Overview

MARS3 Bucket is a storage-layer parallel execution optimization mechanism designed by YMatrix for parallel scan scenarios in MPP architectures. By organizing data into multiple logical buckets based on hash values of the distribution key during the write phase, it ensures that data sharing the same distribution key is processed by the same worker during parallel scans. This preserves data distribution semantics (locus), eliminates unnecessary data redistribution (Motion), and achieves a performance leap from "scanning faster" to "computing more locally."

Core Value

  • Reduces Unnecessary Data Transmission
    Prevents additional Motion operations caused by parallel scans. In TPCH S100 and S1000 benchmarks, query performance improves by approximately two-fold.
  • Reduces Slice Count and Execution Complexity
    Decreases the number of execution slices (Slices), thereby reducing system scheduling overhead.
  • Unlocks Parallel Potential
    Extends parallelism beyond the scan layer, allowing it to more effectively translate into gains across the entire query path.

Bucket Execution Steps

The goal of MARS3 Bucket is to maintain strong data locality after parallel scanning, enabling more computations to complete locally.

Building upon traditional distribution—which determines which data node stores specific data—MARS3 Bucket further organizes data within each node into structured buckets.
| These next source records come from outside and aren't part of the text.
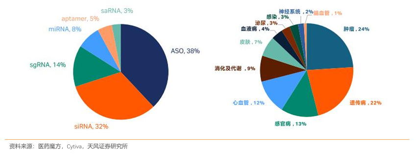 目前, ASO 和 siRNA 仍然是小核酸药物的研发热点,数量分别占比 38%和 32%。从临床管线适应症来看,目前肿瘤已成为小核酸药物临床管线占比最多的适应症,达 24%,其余还有遗传病(22%)、感觉器官疾病(13%)、心血管系统疾病(12%)等。除此之外,小核酸药物也在代谢性疾病,皮肤,血液疾病等领域布局。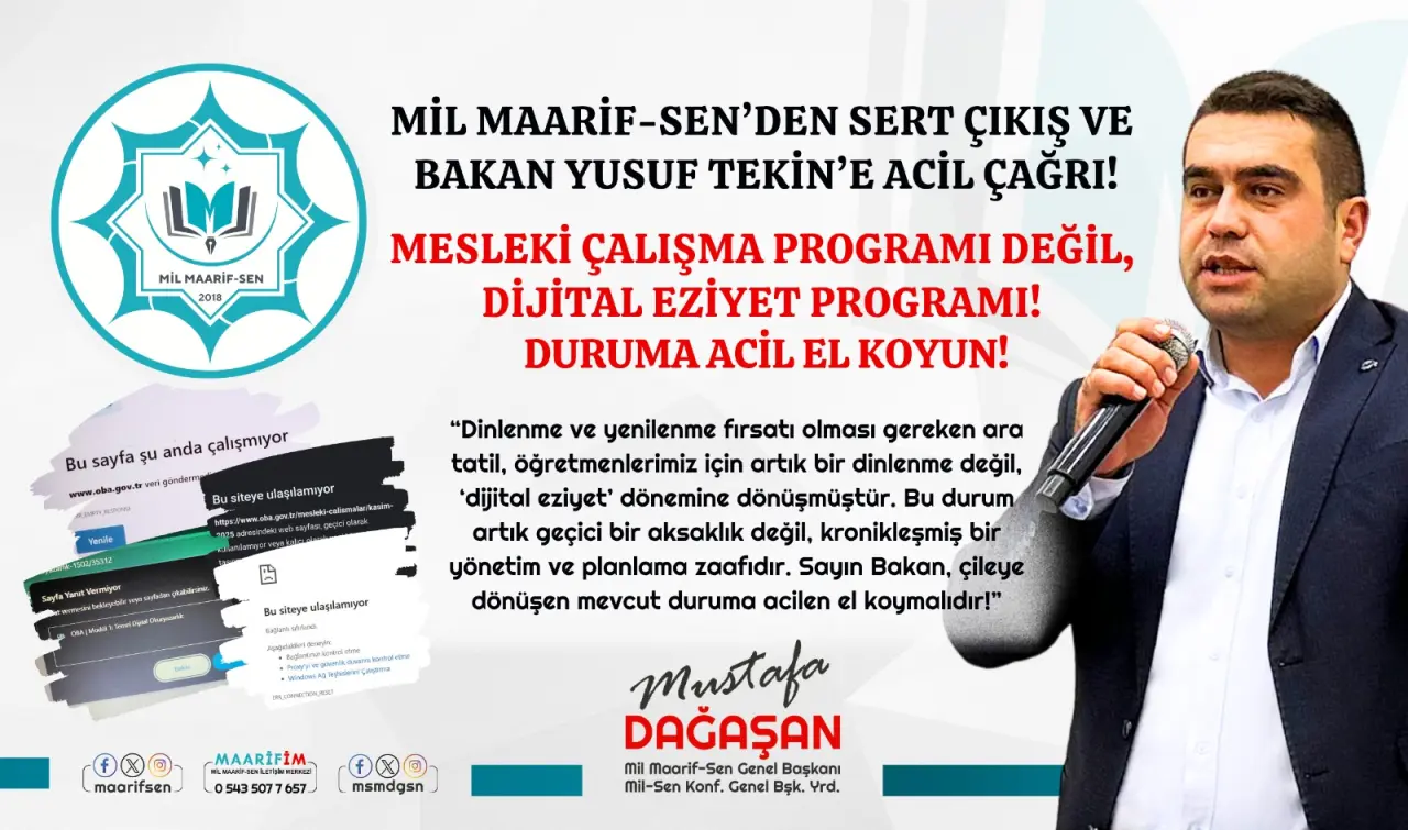 Mil Maarif-Sen Genel Başkanı Mustafa Dağaşan sosyal medya hesabından yapmış olduğu açıklamada, Kasım Dönemi Mesleki Çalışma Programı’nda (ÖBA) yaşanan çöküş nedeniyle Milli Eğitim Bakanı Yusuf Tekin’e acil müdahale çağrısında bulunarak, “Dinlenme ve yenilenme fırsatı olması gereken ara tatil, öğretmenlerimiz için artık bir dinlenme değil, ‘dijital eziyet’ dönemine dönüşmüştür. Bu durum artık geçici bir aksaklık değil, kronikleşmiş bir yönetim ve planlama zaafıdır. Sayın Bakan, çileye dönüşen mevcut duruma acilen el koymalıdır!” dedi.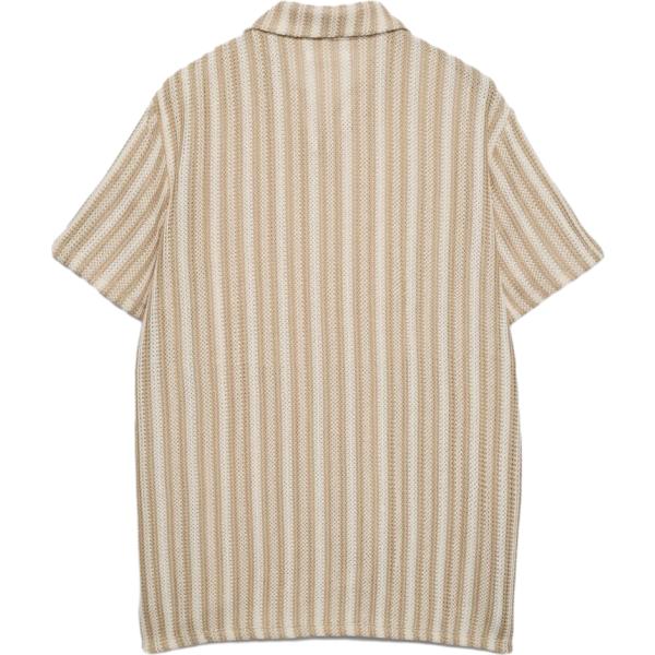 Polo da uomo in beige sabbia a righe collo classico a maniche corte con bottoni in cotone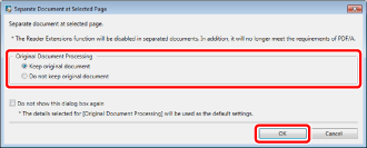 If you select this check box, [Separate Document at Selected Page] is not displayed when dividing a document next time. The settings in [Original Document Processing] are used as the default values when this item is selected.
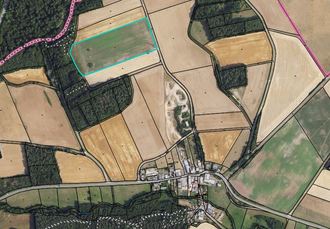 Auf dem Grundstück befindet sich ein Hochspannungsmast, an den der Batteriespeicher angeschlossen werden soll. Somit werden keine größeren Leitungsarbeiten an gemeindlichen Wegen erforderlich.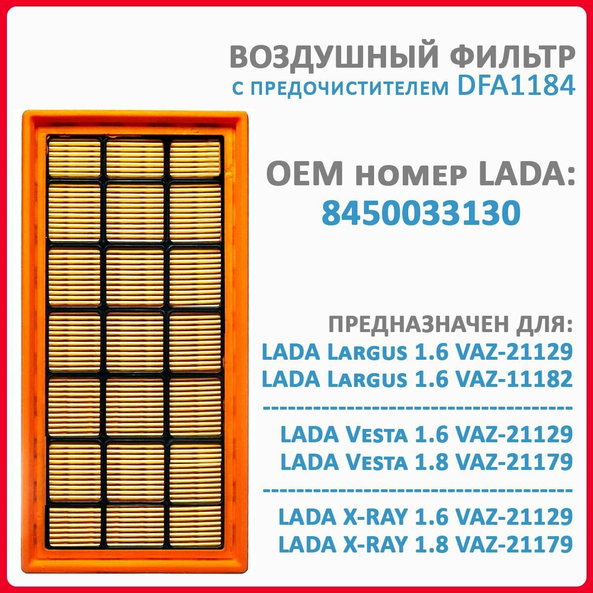 Воздушный фильтр Lada (Лада) 8450033130 для: Largus (Ларгус)/ Vesta (Веста)/ X-Ray; Xray (Икс Рей) ВАЗ-21129; ВАЗ-21179; H4Mk; 1.6, 1.8, от 2019г. - DOUBLE FORCE DFA1184 интересное: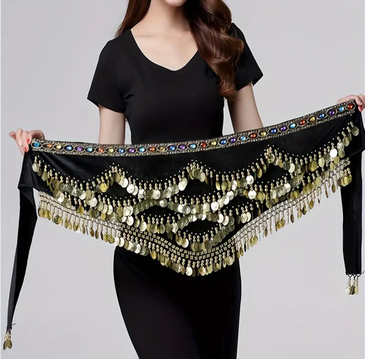コインがふんだんに縫い付けられたベロア生地のヒップスカーフ✨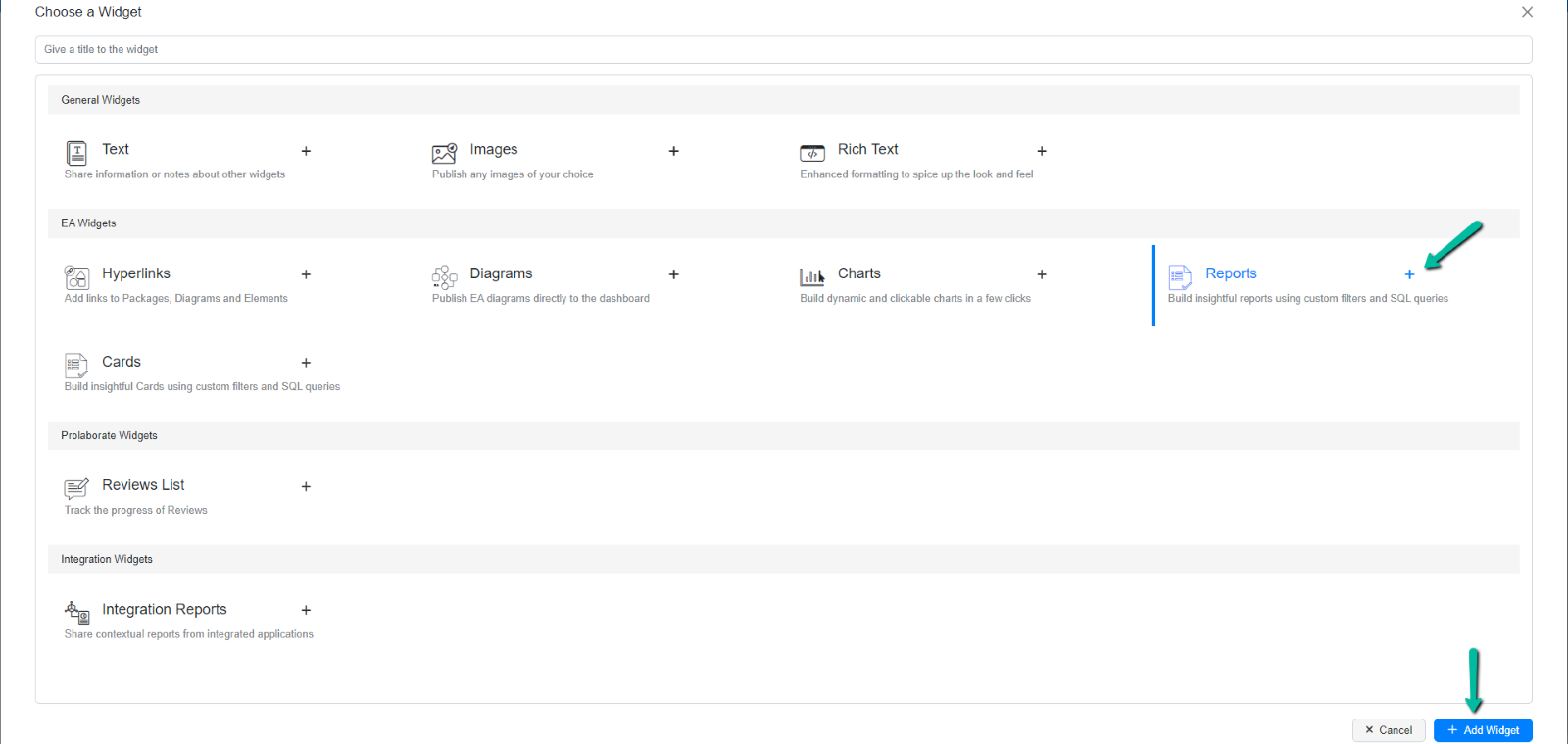 In Choose a Widget window, select Reports Widget and click Add Widget.

This ensures that data belonging to the same bucket is output by a single worker.

The fundamental difference between the MARS3 Bucket approach and standard page-preemptive parallel scanning is that internal segment processing becomes organized. Parallel scanning evolves from simply having multiple workers read data concurrently to collaboratively reading data according to distribution semantics.

Image

Consider a table t_sales with distribution key c1. The following SQL is executed: select c1, count(*) from t_sales group by c1;

Non-Bucket Mode (Parallel Scenario)

In a standard parallel scenario (without Bucket mode), the execution plan is as follows:

Gather Motion 12:1
  -> Finalize HashAggregate
       Group Key: c1
       -> Redistribute Motion 12:12
            Hash Key: c1
            -> Partial HashAggregate
                 Group Key: c1
                 -> Parallel Seq Scan on t_sales
  1. Parallel Sequential Scan: Each Segment launches multiple workers to read data in parallel. However, workers compete randomly for pages. Consequently, there is no guarantee that data sharing the same c1 value is processed by a single worker.
  2. Partial Hash Aggregate: Each worker performs an initial aggregation only on the data it has read.
  3. Redistribute Motion: Since the same c1 value may still be scattered across multiple workers after partial aggregation, data must be redistributed based on c1 to ensure correct final aggregation results.
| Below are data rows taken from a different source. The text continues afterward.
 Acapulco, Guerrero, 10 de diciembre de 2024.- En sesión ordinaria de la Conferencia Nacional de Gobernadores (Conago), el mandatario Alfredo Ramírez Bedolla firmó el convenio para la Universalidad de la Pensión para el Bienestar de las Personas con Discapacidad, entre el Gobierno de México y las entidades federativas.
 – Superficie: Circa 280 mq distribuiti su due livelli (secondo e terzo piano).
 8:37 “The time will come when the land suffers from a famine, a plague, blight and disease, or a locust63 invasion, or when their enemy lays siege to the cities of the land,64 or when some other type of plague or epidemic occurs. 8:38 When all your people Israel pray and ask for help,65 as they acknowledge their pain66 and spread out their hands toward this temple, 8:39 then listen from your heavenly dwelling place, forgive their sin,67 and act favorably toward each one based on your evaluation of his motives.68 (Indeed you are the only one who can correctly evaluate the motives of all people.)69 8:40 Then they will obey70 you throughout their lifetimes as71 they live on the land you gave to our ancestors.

Simply put: The issue is not the table's distribution method itself, but rather that parallel scanning disrupts the original data distribution rules required for direct aggregation. To correct this, the optimizer must add an extra data redistribution step, directly diminishing the performance benefits expected from parallel execution.

MARS3 Bucket Mode

With MARS3 Bucket, the execution plan is simplified:

Gather Motion 12:1                                                                                                                                                                  
   ->  HashAggregate                                                                                                                                                                                             
         Group Key: c1                                                                                                                                                                                                                                      
         ->  Parallel Custom Scan (MxVScan)                                                                                                                                              
  1. Data Organization: During the write phase, data is hashed and then organized into buckets.
  2. Collaborative Scanning: During the scan phase, each worker reads only one or more specific buckets. This ensures that the scan output maintains its hash distribution characteristics and adheres to distribution semantics.
  3. Result: Because the data remains properly distributed, the execution plan does not require an explicit Motion operator. This significantly improves SQL execution efficiency.

Related Concepts

Data Co-locality

In the YMatrix database, data is distributed and stored across various data nodes (Segments) according to specific rules. All data across these nodes collectively forms the complete dataset. When defining a table, a distribution key must be specified. During insertion, the system calculates a hash value based on this key and maps the result to a specific data node. Therefore, when tables share the same distribution key, identical data is guaranteed to reside on the same node. This allows operations such as joins and aggregations based on the distribution key to perform the vast majority of work locally without data movement. We refer to this phenomenon as data co-locality.

Parallel Scanning

From the perspective of the entire table, YMatrix employs an MPP architecture where processes scan data on each Segment. This level of parallelism refers to instance-wide parallelism.

From the perspective of a specific table within a particular Segment, multiple processes can participate in scanning the data simultaneously. This level of parallelism refers to intra-node parallelism.